I am still hurting, as so many of us are, over the violence, the terror and the tragedy of recent weeks — and, still, of recent and not-so-recent years. I am often discouraged by the hills that we have left to climb, the battles that we have yet to fight. But I am also proud. Two weeks ago the Supreme Court struck down laws prohibiting same-sex marriage all around the country, delivering a victory for an LGBTQ community that has long fought — and is still fighting — to be recognized and treated as fully human. Then, last weekend, the women’s national soccer team won the World Cup for a record third time, validating the struggle for equality in athletic opportunity that American women waged and won in the passage of Title IX. Because after 239 years, we are still fighting.
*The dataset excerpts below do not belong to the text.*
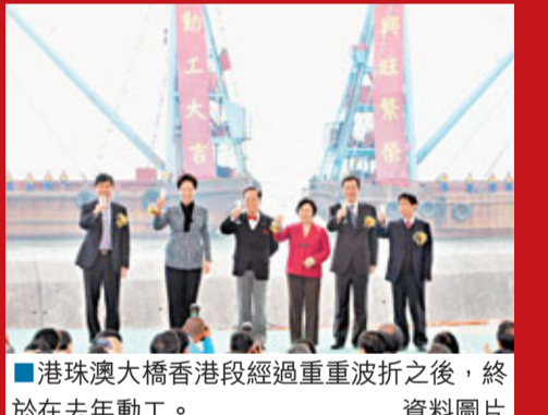
港珠澳大橋香港段經過重重波折之後，終於在去年動工。
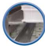
Kit 600x400 en option
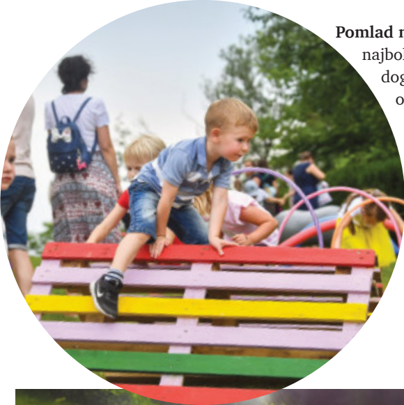
Pomlad na jasi, najboljša dogajanja za otroke, Turistično društvo
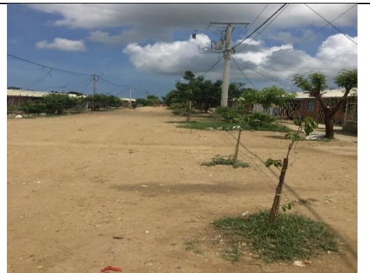
Fotografía 2. Predio donde se ejecutará el proyecto.
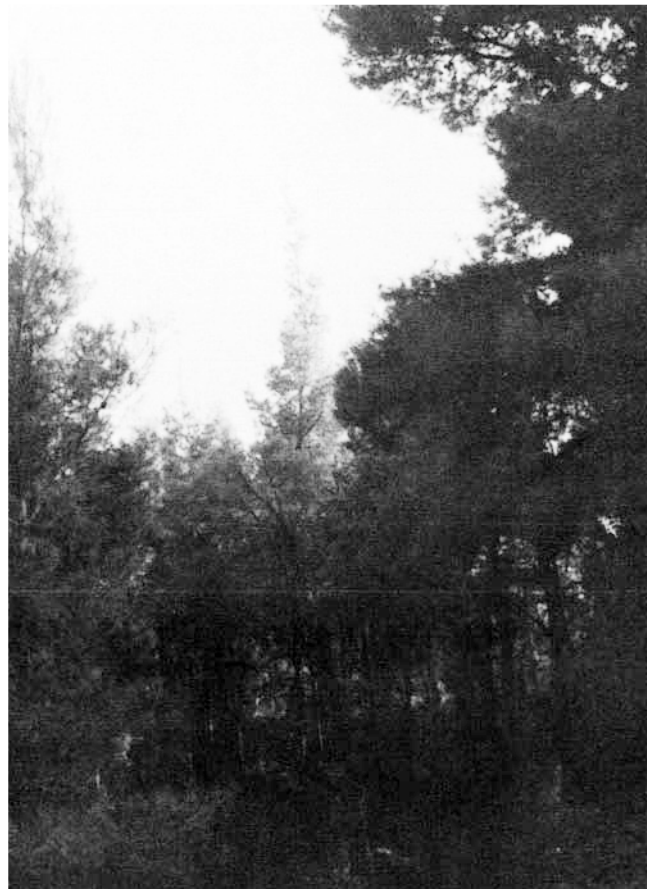
Photo 4. Narrow crowned P. halepensis tree. Pin d'Alep à cime étroite.

Sur l'île de Lesbos la rencontre fréquente d'arbres avec des « balais de sorcières » est remarquable. Des graines récoltées sur l'un d'entre eux produisirent des plants qui furent normaux et des nains comparables à ceux obtenus d'un « balai » poussant sur un pin d'Alep. (Panestos 1981).
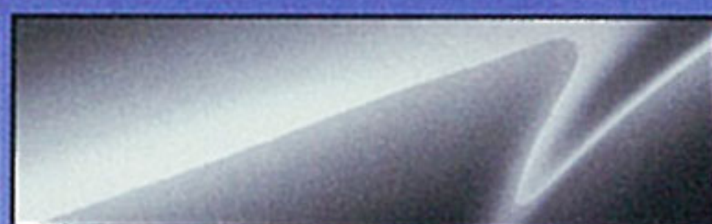
メトロポリタングレーマイカ
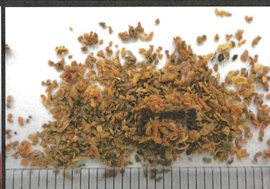
フラスの内容物にはノミで削ったような 薄い木くず片が含まれている
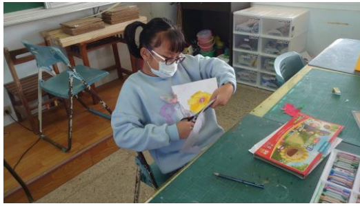
學生將植物插畫剪下
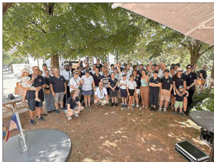
Musik verbindet über Grenzen hinweg seit 60 Jahren die Städtepartnerschaft von Sinzig und Hettange Grande

Die bewegende Zeremonie wurde musikalisch eindrucksvoll gestaltet durch die Harmonie „La Lyre“ aus Hettange-Grande sowie dem Spielmannszug „Freiweg Sinzig“. Gemeinsam mit Pastor Frank Werner und weiteren Mitwirkenden aus beiden Städten entstand eine Atmosphäre, die den Geist der gelebten deutsch-französischen Freundschaft eindrucksvoll widerspiegelte. Ein besonderer Gänsehautmoment war die Darbietung des Liedes „Stammbaum“ der Bläck Fööss – ein musikalisches Symbol für die verbindende Kraft über Grenzen hinweg.
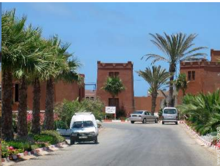
Apprezzamento di terreno
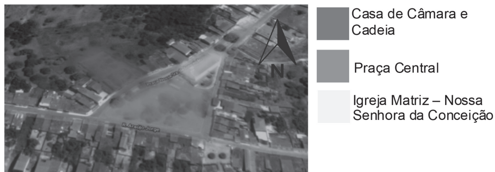
Figura 3 – Localização da Casa de Câmara e Cadeia, junto a Igreja Matriz e a Praça Central do município

“Em que se pese a importância da Casa de Câmara e Cadeia, a ponto de não ser possível efetuar qualquer estudo de história urbana sem lhe fazer referência” (TEIXEIRA, 2012, p. 19). Mata Grande, é um bom exemplo disso, visto que o imponente prédio, está posicionado na parte mais alta e magnífica da cidade, e na parte central, junto à igreja e defronte à praça principal do município. Pode-se se dizer então que, prédio era um dos principais monumentos da paisagem urbana, sua importância ia além da administrativa.
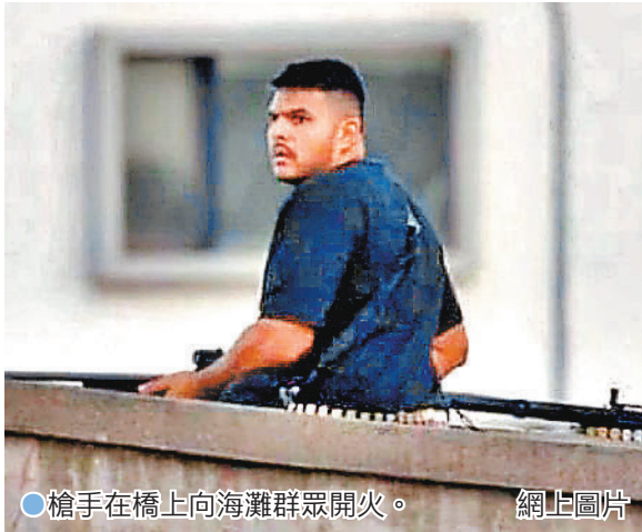
●槍手在橋上向海灘群眾開火。

香港文匯報訊 澳洲悉尼著名旅遊景點邦迪海灘於周日(12月14日)下午發生嚴重槍擊案，造成11人遇害及60人受傷，其中一名槍手被警方擊斃，警方確認事件為恐怖襲擊。事發時當地猶太社區正在海灘舉行猶太教「光明節」慶祝活動，槍擊導致歡樂時刻瞬間陷入混亂與悲痛。當局接報指現場被放置爆炸裝置，警告民眾遠離該區，其後成功從其中一名槍手的車輛中移除爆炸裝置。
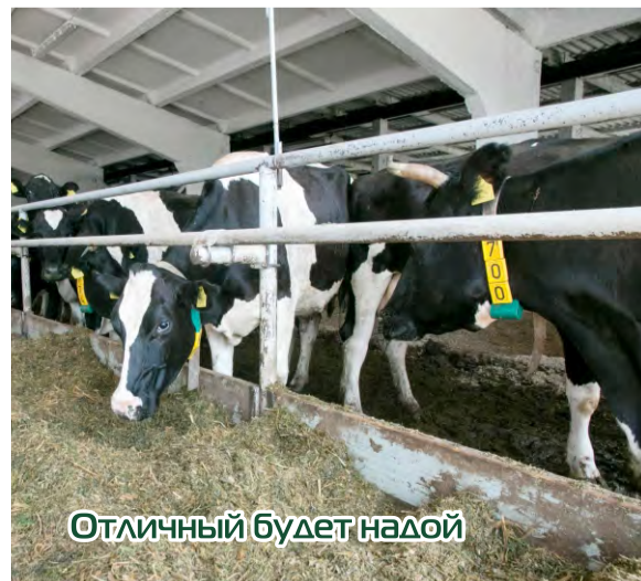
Отличный бюджет надой

коллективу СПУ «Протасовщина» присуждено первое место среди трудовых коллективов района по уборке урожая зерновых и зернобобовых культур в 2015 году и третье место по заготовке кормов.
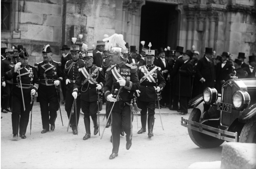
Fig. 4. Autoridades militares saliendo de La Colegiata de Santa María. 192-?

Así pues, se constata documental y materialmente la importante reforma realizada en época gótica en el templo de Santa María presente en la actualidad a través del rosetón que se abre sobre su cabecera, la torre norte, algunos de sus capiteles, motivos decorativos y el replanteamiento que muestra su cubierta.
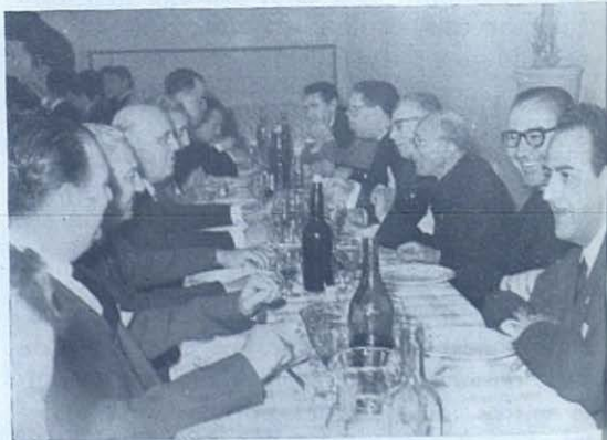
Madrid: Colegio San Miguel. Antiguos Alumnos Salesianos en ágape fraterno durante su reunión anual.

MADRID.— Colegio Salesiano de San Miguel (Paseo de Extremadura). Reunión de Antiguos Alumnos. —Como todos los años también ahora se reunieron para «la Fiesta de la Unión» los antiguos alumnos del Colegio de Carabanchel, —trasladado después de la guerra al Paseo de Extremadura—. Eran algo más de 200. Algunos vinieron desde lejos. Como cuando niños, con-

We are still breaking down the walls that would hold us back. We are still free to fight.

It is our ability to remake ourselves in the face of our great errors and injustices that makes us who we are, and that makes me most proud to be here. To be young. To be a Penn student. And to be an American.

The Fourth of July, and what it commemorates, serves as a reminder that laws without morals are useless, and that unjust rules should be fought. In the midst of the ongoing arguments over the country’s founding principles — the long-held definition of marriage, the heritage represented by the Confederate flag and the best way to move forward as a nation — that idea is something we must hold onto.

So much of who we are, what we have and how we live has been passed down or prescribed for us by external forces. We are all shaped by histories and systems that we didn’t create or choose for ourselves. But as we become adults, as we work to find our places in this country and this world, we must not allow the things we inherit to lead us blindly into unkindness or ignorance. We must instead do our best to carve a better world for ourselves out of what we’ve been given. We must never stop questioning the morality of the systems we live within; we must never stop fighting the immorality we find there.

The day we stop is the day we should no longer be proud to be here.